Пренебрегая траекторией эволюции Иуды, которую я стараюсь исследовать, мыслители и художники, о которых шла речь на страницах этой книги, пытались логически, доказательно объяснить акт предательства. Это и понятно: последователь, предающий своего вождя, — хрестоматийный пример для исследования критериев оценки того или иного поступка, хорошего или плохого, благого или пагубного. Но нередко мотивация, предлагаемая романистами, художниками, драматургами, поэтами и богословами опирается на мотивацию философов морали и нравственности, три различных подхода которых к этике проясняют, почему Иуда продолжает оставаться для нас загадкой. Любые попытки разгадать головоломку Иуды исходя из этических критериев неизбежно порождают противоположные и противоречивые суждения о его виновности и целесообразности оправдания. Приговоры разнятся в зависимости от того, основываются ли они на последствиях, на принципе или на характере.[367]
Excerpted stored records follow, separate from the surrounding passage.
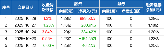 融资方面,当日融资买入1597.87万元,融资偿还608.36万元,融资净买入989.5万元。融券方面,融券卖出0股,融券偿还0股,融券余量100股,融券余额1865元。融资融券余额合计1.28亿元。
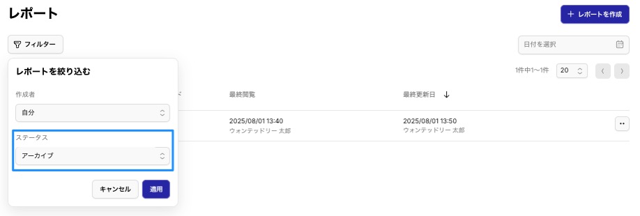 ※アーカイブしたレポートをアクティブに戻したい場合
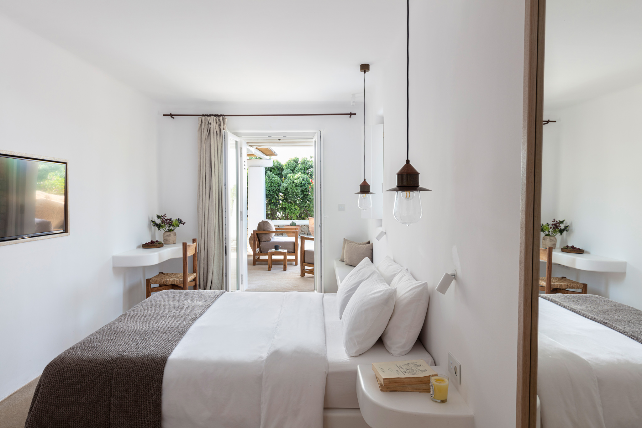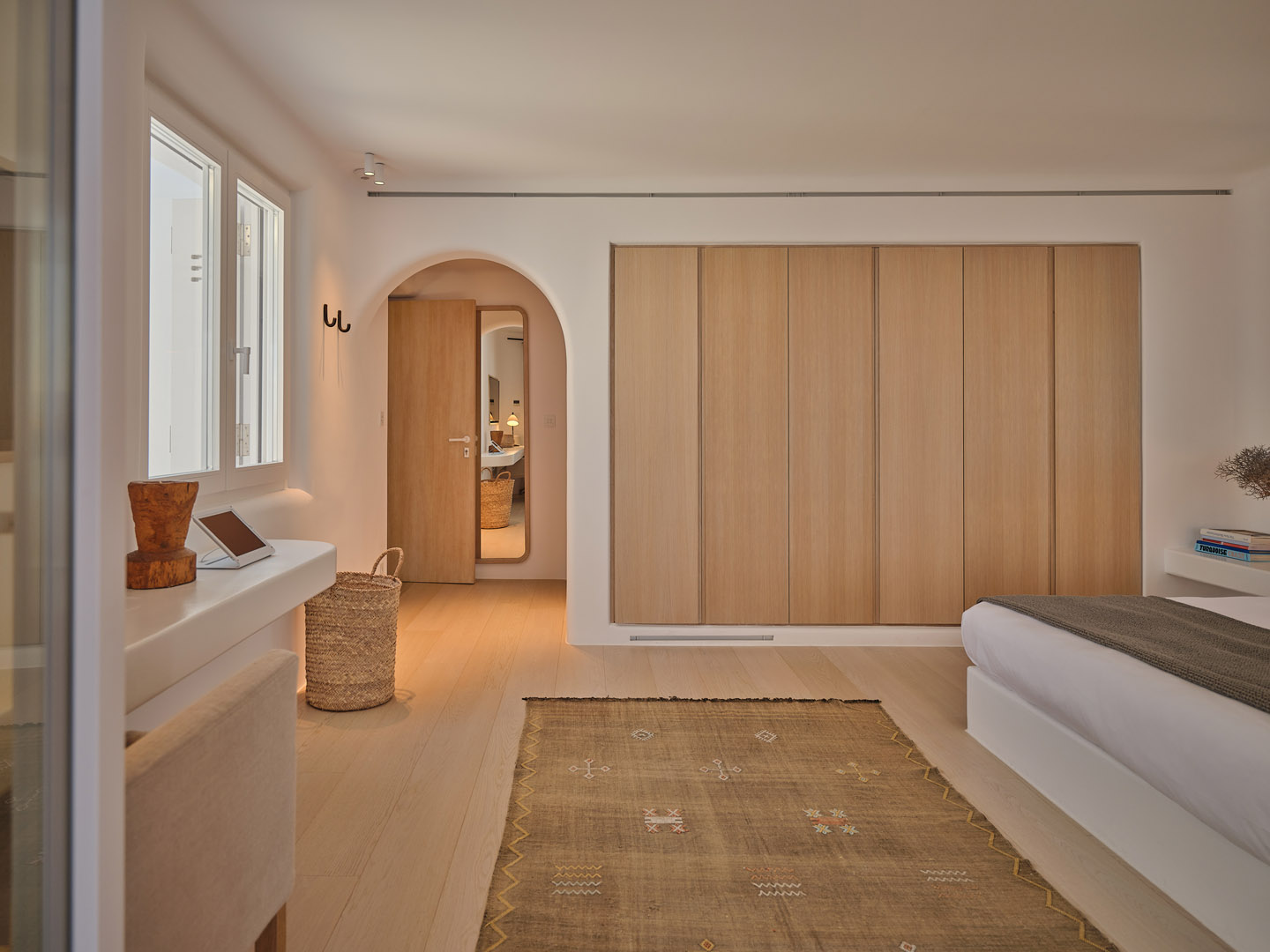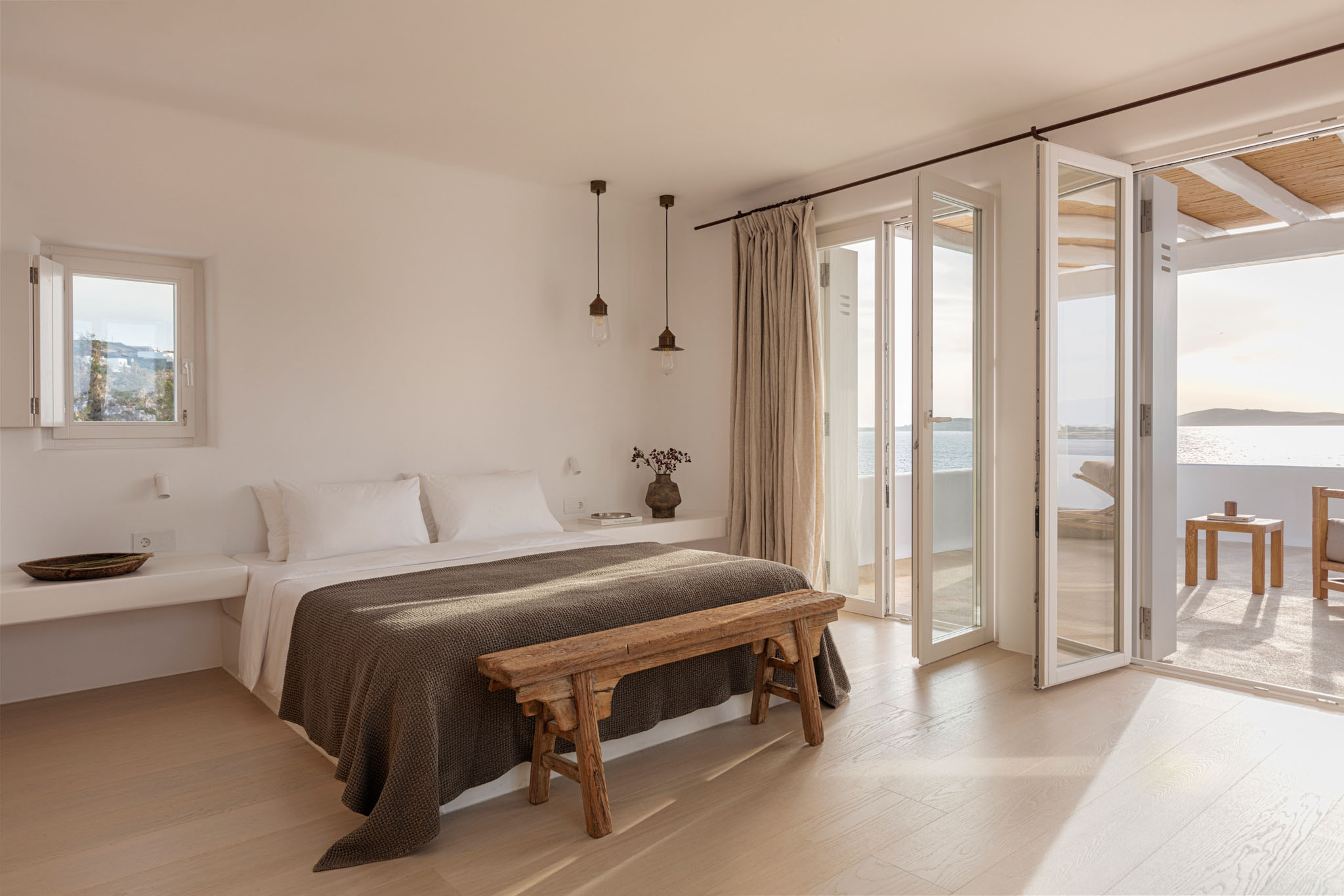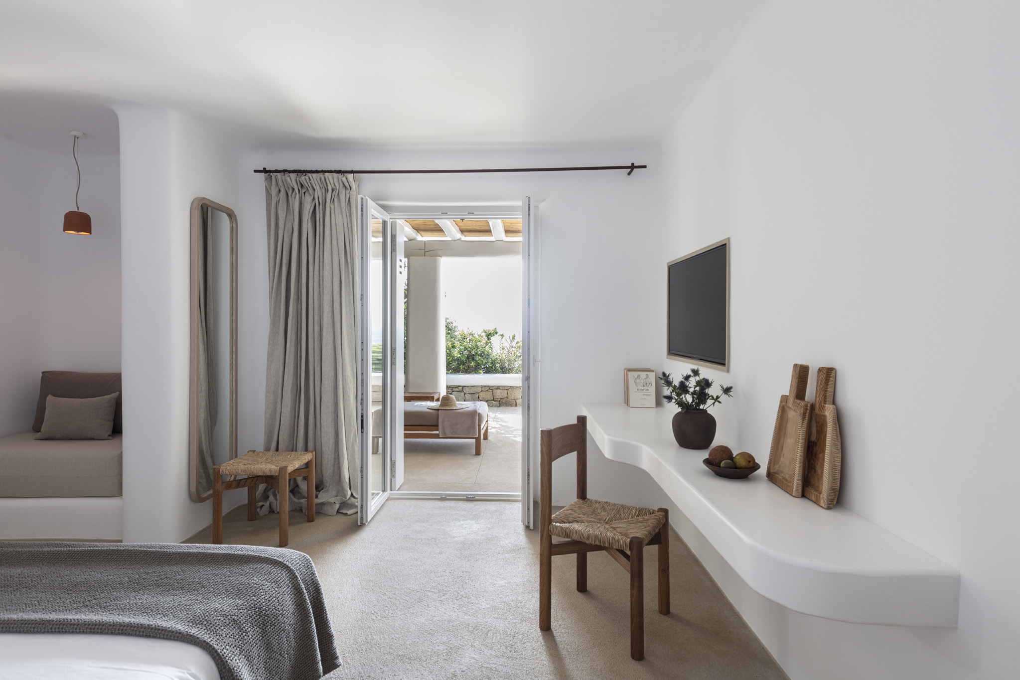 – 1 master double bedroom, en-suite bathroom, double sinks, private shaded terrace, sea&sunset views overlooking Delos & Rhenia islands
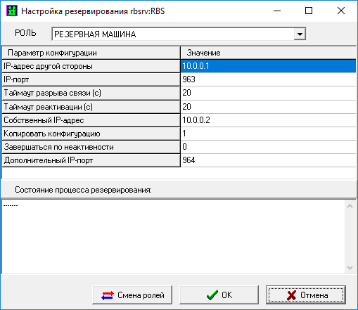 С помощью появившегося меню «Настройка резервирования» задать тип сервера (основной или резервный) и явно определить обязательные параметры настройки.
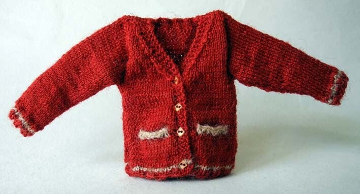 This comfortable woollen cardigan fits a man so well as a woman. It has real pockets and nice working wooden buttons. Seize: width 4 cm, height 5.4 cm.
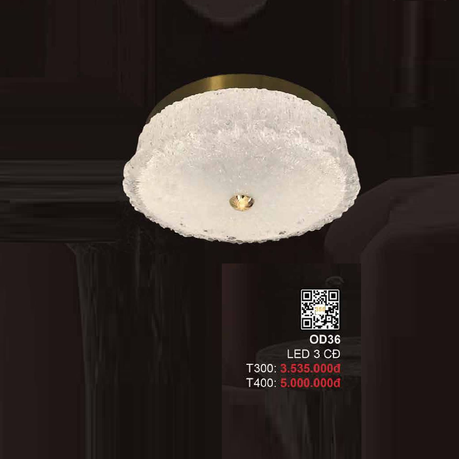 5. 35 - OD36: Đèn ốp trần thân đồng, chao thủy tinh - KT: Ø400mm - Đèn LED đổi 3 màu
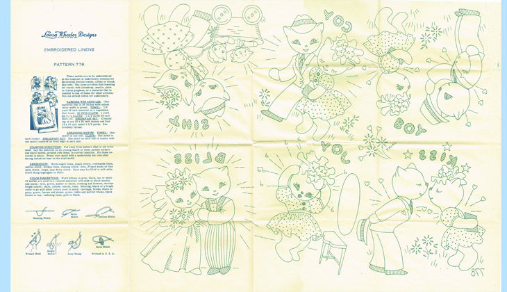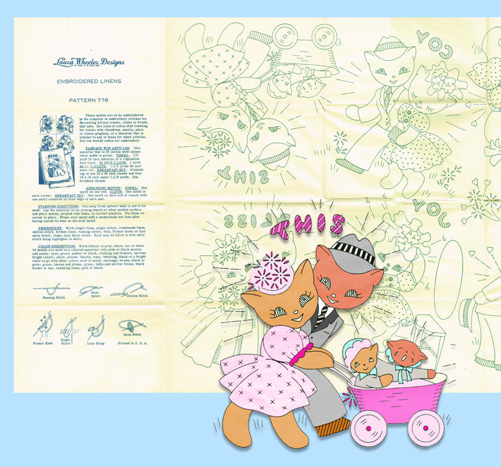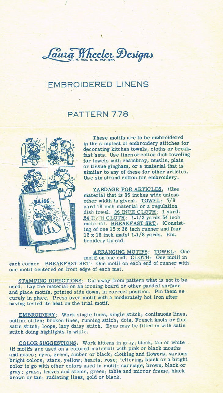 1940s Vintage Laura Wheeler Embroidery Transfer 778 Uncut Kitten Romance Motifs

Рассмотрим сначала выводы тех, кто исходит из последствий, определяя правомочное деяние, как благое, добро с благотворным результатом. Ссылаясь на то, что древнее Евангелие от Иуды, как и некоторые современные сочинения, согласуется с толкованием Драмы Страстей Господних гностиками, они защищают версию о том, будто Иуда помог Иисусу обрести божественность. А при оценке его действий ставят во главу угла важность конечного результата. Не принимая во внимание весь ужас распятия, которому придал ход Иуда, они рассматривают конечный результат распятия: благо искупления. И исходя из этого конечного результата — величайшее благо для огромного количества людей, — они считают действия Иуды добродетельными безотносительно к тому, какими он сам их считал. Предательство было необходимо для спасения человечества через смерть и Воскресение Иисуса. На «необходимом, без которого было не обойтись», выражаясь словами Немерова, лежит «felix culpa» («счастливая вина»), как на Адаме и Еве, чье грехопадение имело последствием появление Спасителя, поскольку без предательства Иуды не могло реализоваться обещание вечной жизни.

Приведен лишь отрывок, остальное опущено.